Scenario A: External hosting

In this scenario, you leverage the AI/ML execution environment of a third party, which is typically closely related to the third party used to create and train the AI/ML model in Step 1. The execution environment of the third party exposes an endpoint, which can be used for sending input readings and returning the model scoring output. Using externally hosted AI/ML models offers advantages such as scalability, reduced infrastructure management, and access to cutting-edge AI/ML capabilities. Allowing you to focus on your core functionality and leverage state-of-the-art Machine Learning without the burden of maintaining infrastructure.

From an architectural perspective, scenario A looks like this:

Scenario A architecture

Info
The following article in the Cumulocity Tech Community illustrates this scenario in more detail: Leveraging Hyperscaler Clouds for Machine Learning Inferencing on Cumulocity Data.

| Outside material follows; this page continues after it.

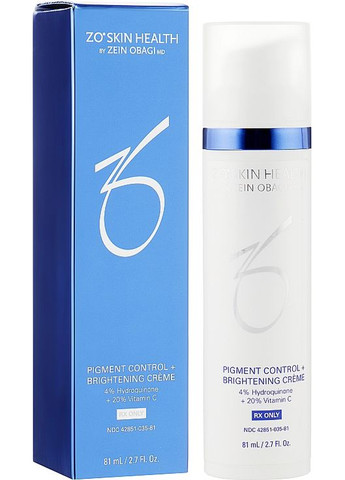 Відбілюючий крем для шкіри обличчя і тіла від американського бренда Zein Obagi виготовлений спеціально для ефективного усунення пігментних плям і дрібних недосконалостей, спровокованих агресивним впливом зовнішніх, внутрішніх факторів. Zo Skin Health Pigment Control Cr?me забезпечує якісну ексфоліацію, одночасно прискорюючи регенерацію тканин і клітинне оновлення. Крім цього, універсальний засіб прекрасно справляється зі зволоженням і живленням епідермісу, зміцненням його гідроліпідної мантії і захисного бар'єру. Особливості Zo Skin Health Pigment Control Cr?me від бренда Zein Obagi: - чудовий варіант для профілактики хлоазми, мелазми, веснянок, лентіго;- гліколева кислота значно зменшує і запобігає гіперпігментації;- аскорбінова кислота якісно вирівнює тон і рельєф шкіри;- позбавляє її від дрібних недосконалостей, ознак дегідратації;- забезпечує ефективне пом'якшення огрубілих ділянок шкіри;- екстракт броколі та олія насіння соняшнику прискорюють відновлення пошкоджених зон;- аскорбіл пальмітат має антиоксидантну дію;- уповільнює утворення вільних радикалів, перших вікових змін;- гліцерин інтенсивно зволожує і глибоко живить;- нормалізує і підтримує гідробаланс;- на 4% складається з гідрохінона, який пригнічує виробництво пігменту;- містить екстракт листя буквиці лікарської, бета-глюкан і сапоніни;- активно бореться з почервонінням, подразненнями і запаленнями.

Scenario B: Embedded hosting using a custom microservice

In this scenario, you create and deploy a custom Cumulocity microservice which includes:

  • An “extract” of the AI/ML model created and trained in Step 1.
  • The relevant libraries for inferencing.
  • A POST request endpoint for sending input readings and returning the model scoring output. This approach provides greater control over model customization, data privacy by ensuring sensitive data remains within the platform’s environment, and offers lower latency as data processing occurs within the platform’s environment. Thus, reducing the need for external data transfers and potential network-related delays.

From an architectural perspective, scenario B looks like this:

Scenario B architecture

Info
The following article in the Cumulocity Tech Community illustrates this scenario in more detail: Performing Machine Learning Inference on Cumulocity Data using Open-Source Frameworks.

Scenario C: Embedded hosting using a generic microservice

In this scenario, you create and deploy a Cumulocity microservice which has been purposely built to work generically with specific types of model “extracts” that are hosted alongside the microservice, such as, within the Cumulocity file repository. Like scenario B, this microservice includes a POST request endpoint for sending input readings, this time complemented with the reference to the model of choice, and returning the model scoring output.

From an architectural perspective, scenario C looks like this:

Scenario C architecture

Info
A Cumulocity Tech Community article to illustrate this scenario is currently under construction.

Step 3 - Set up a model inferencing workflow

Once the AI/ML model is deployed, you need to set up a workflow to:

  • Process the incoming data.
  • Pass it to the deployed AI/ML model.
  • Receive the model output.
  • Process the model output to make decisions/create events, alarms, and so on.

To orchestrate the model execution, this workflow can be set up by leveraging the Streaming Analytics tooling, either Analytics Builder or EPL apps. More information on the specific tooling can be found in Streaming Analytics.

Info
In the Cumulocity Tech Community article for scenario B, a detailed description on how to create this can be found: How to create an ML Inference workflow using Streaming Analytics.